So, yes. Today's goal is to get the 30hr SQL Bootcamp completed (or at least as much as I can), I am following Data with Baara. Who gets a 5 on 5 for clearing my doubts before I even know I have them (what kind of superpower is that?).
context: So I already knew the bare basics of SQL as it was a course I had to take in my pre-final year, but it was not on par with what is required of a DE. So I revised the things that I already knew and speed ran through it.
Joins (the ones they don't tell you about)
If you are also a beginner like me who had not dwelled too deep, you may think there exists only four types of JOINs (the big four: LEFT, RIGHT, INNER, FULL) but no, because when have things ever been this simple. We have moreeee. And they are:
Right Anti, Left Anti, Full Anti and Cross Join.

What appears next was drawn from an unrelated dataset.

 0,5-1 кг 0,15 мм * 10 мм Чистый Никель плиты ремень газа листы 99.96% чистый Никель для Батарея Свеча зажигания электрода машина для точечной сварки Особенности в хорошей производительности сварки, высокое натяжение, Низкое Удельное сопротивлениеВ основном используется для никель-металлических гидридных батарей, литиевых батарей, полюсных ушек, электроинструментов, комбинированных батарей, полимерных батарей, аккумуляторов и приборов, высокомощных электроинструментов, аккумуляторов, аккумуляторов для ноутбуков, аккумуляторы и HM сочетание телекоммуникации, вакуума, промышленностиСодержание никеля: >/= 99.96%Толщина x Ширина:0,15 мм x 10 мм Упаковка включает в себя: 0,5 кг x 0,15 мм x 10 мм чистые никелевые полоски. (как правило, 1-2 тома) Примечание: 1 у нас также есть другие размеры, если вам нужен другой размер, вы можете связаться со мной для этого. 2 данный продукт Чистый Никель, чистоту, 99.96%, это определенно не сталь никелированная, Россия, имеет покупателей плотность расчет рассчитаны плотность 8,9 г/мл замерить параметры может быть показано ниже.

Now, Anti Joins are interesting. The "anti" here is not anti-the-named-side — it is anti-the-join-itself. You are not excluding the left table, you are keeping only the rows from the left that found no match on the right. The lonely ones. The ones that got ghosted.
- Left Anti → rows in the left table with no match in the right
- Right Anti → rows in the right table with no match in the left
- Full Anti → the unmatched ones from both sides
And the fun part? They are not even a separate keyword in most SQL dialects. You get there by combining a JOIN with a WHERE clause filtering for NULLs. LEFT JOIN + WHERE right_table.id IS NULL = Left Anti. The pattern is the thing.

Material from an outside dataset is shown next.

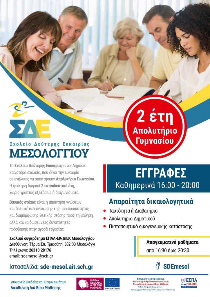 Τα Σχολεία Δεύτερης Ευκαιρίας είναι δημόσια, καινοτόμα σχολεία του ελληνικού εκπαιδευτικού συστήματος, τα οποία απευθύνονται αποκλειστικά σε ενήλικες που ενδιαφέρονται να λάβουν τον απολυτήριο τίτλο του γυμνασίου.

Cross Join on the other hand is a greedy little beast — it wants a pair of everything. Every row from table A matched with every row from table B. No conditions, no chill. 100 rows × 50 rows = 5,000 rows, just like that. Powerful when you need it, catastrophic when you forget it is running on a large table.
Set Operators (the rules nobody writes down in one place)
After joins, we moved to Set Operators — UNION, UNION ALL, INTERSECT and EXCEPT.
The concept is simple enough. But Baara being Baara, he made sure we actually understood the rules before touching the syntax. And there are more rules than you'd expect:
- Columns must match — you cannot combine apples and oranges
- Data types must match — apples and slightly-different-apples also don't work
- Same number of columns across both queries
- Order of columns matters — col1 of query one maps to col1 of query two, so if you mix up the order you mix up your data silently, which is the worst kind of wrong
- Column names come from the first query — so whatever you alias in query one is what shows up in your result
- ORDER BY only at the end, on the last query — you are sorting the final combined result, not each individual one
The difference between UNION and UNION ALL trips a lot of people — UNION deduplicates, UNION ALL keeps everything including duplicates. For DE work UNION ALL is usually what you actually want because deduplication is expensive and you often want to handle it explicitly downstream anyway.
Plan for tomorrow: Date & Time functions + keep pushing through the bootcamp.